ML models are exposed to a number of unique attack vectors that are uncommon or low-risk in other types of software. Although the full scope of these attack vectors is still unknown, there now exist taxonomies of machine learning failure modes that highlight their commonalities. These taxonomies show that many machine learning failure modes overlap with traditional software failure modes. Following is a brief review of attacks relevant to Knox ML Model Protection:

  • Adversarial samples—The purpose of an adversarial sample is to force an AI/ML model to produce incorrect outputs. Since AI/ML models are often trained on data labeled by people, adversarial samples typically aim to generate data that the AI/ML model classifies differently than an actual person would. These attacks are often disambiguated based on what the attacker may use to perform the attack.
    Blackbox adversarial samples work only with the API-level access to the AI/ML model.Such attacks need thousands of attempts to succeed. Blackbox attacks become efficient over time as attackers can use query results to build models that determineoffline whether a new attack is likely to succeed. They also become efficient as the API reveals additional information, such as confidence scores.
    Whitebox attacks require direct access to the AI models. Although there is significant work on defending AI models against whitebox attacks, even proven defenses against such attacks are, at best, questionable.

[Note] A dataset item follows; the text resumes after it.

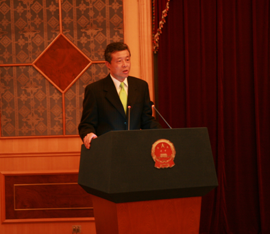 劉曉明大使首先致辭。他對(duì)金永日副外相率朝鮮外務(wù)省主管中國(guó)事務(wù)的同志們來(lái)我館參加聯(lián)誼活動(dòng)表示歡迎,感謝外務(wù)省同志們長(zhǎng)期以來(lái)為發(fā)展中朝關(guān)系做出的不懈努力和積極貢獻(xiàn)。他說(shuō),今年,在兩國(guó)最高領(lǐng)導(dǎo)人的關(guān)心下,中朝關(guān)系發(fā)展順利。雙方保持高層交往,胡錦濤總書(shū)記先后三次向金正日總書(shū)記轉(zhuǎn)達(dá)了重要口信。楊潔篪外長(zhǎng)就任后首次正式出訪即來(lái)朝鮮。不久前,中共中央政治局委員、書(shū)記處書(shū)記、中宣部長(zhǎng)劉云山同志訪問(wèn)朝鮮。中共十七大后,中央領(lǐng)導(dǎo)同志首次出訪即到朝鮮,體現(xiàn)了我黨新一屆中央領(lǐng)導(dǎo)集體高度重視并十分珍惜中朝傳統(tǒng)友誼,并將一如既往地致力于鞏固和發(fā)展中朝友好合作關(guān)系。金正日同志親切會(huì)見(jiàn)并設(shè)宴款待劉云山同志;他還于年初在時(shí)隔七年后來(lái)中國(guó)大使館做客,這些都體現(xiàn)了金正日總書(shū)記和朝鮮勞動(dòng)黨及政府對(duì)中朝兩黨、兩國(guó)關(guān)系的高度重視。

  • Model inversion—The purpose of a model inversion attack is to extract sensitive information about the training data by querying a model. An ML model encodes information about the training data in its trained parameters and output behavior. In the whitebox setting, attackers reconstruct training data from model parameters. In the blackbox setting, attackers query the model and reconstruct training data from the machine learning outputs.
    Both whitebox and blackbox attacks can be mitigated using distinctive private training. Distinctive private training, however, is difficult to implement in practice because it requires additional training data, reduces performance, and may lead to unstable training.
    Membership inference attacks are closely related to model inversion attacks. In a membership inference attack, the attackers aim to reveal whether a data record was included in the training data.
  • Model extraction—In a model extraction attack, an attacker is able to create their own copy of a machine learning model by taking advantage of the victim’s model. Since a whitebox attacker may only trivially clone a model by inspecting its architecture and parameters, model extraction attacks focus on blackbox scenarios. Blackbox attackers use queries against the victim’s machine learning model to generate a dataset, infer the model’s architecture, and infer training parameters. It is often possible for an attacker to clone a victim’s model using much less data than was required to create the original model.
    Defenders try to detect the theft of machine learning models by embedding a watermark into the model parameters, which are revealed either by querying the model or inspecting its parameters. Researchers have demonstrated that whitebox attackers may either remove these watermarks or prevent their original owners from verifying them.

The consequences of adversarial samples, model inversion, and model extraction attacks can be severe for both the developers of these AI models and their users. The consequences include the inability to trust AI outputs, large-scale privacy violations, and difficulty in retaining intellectual property.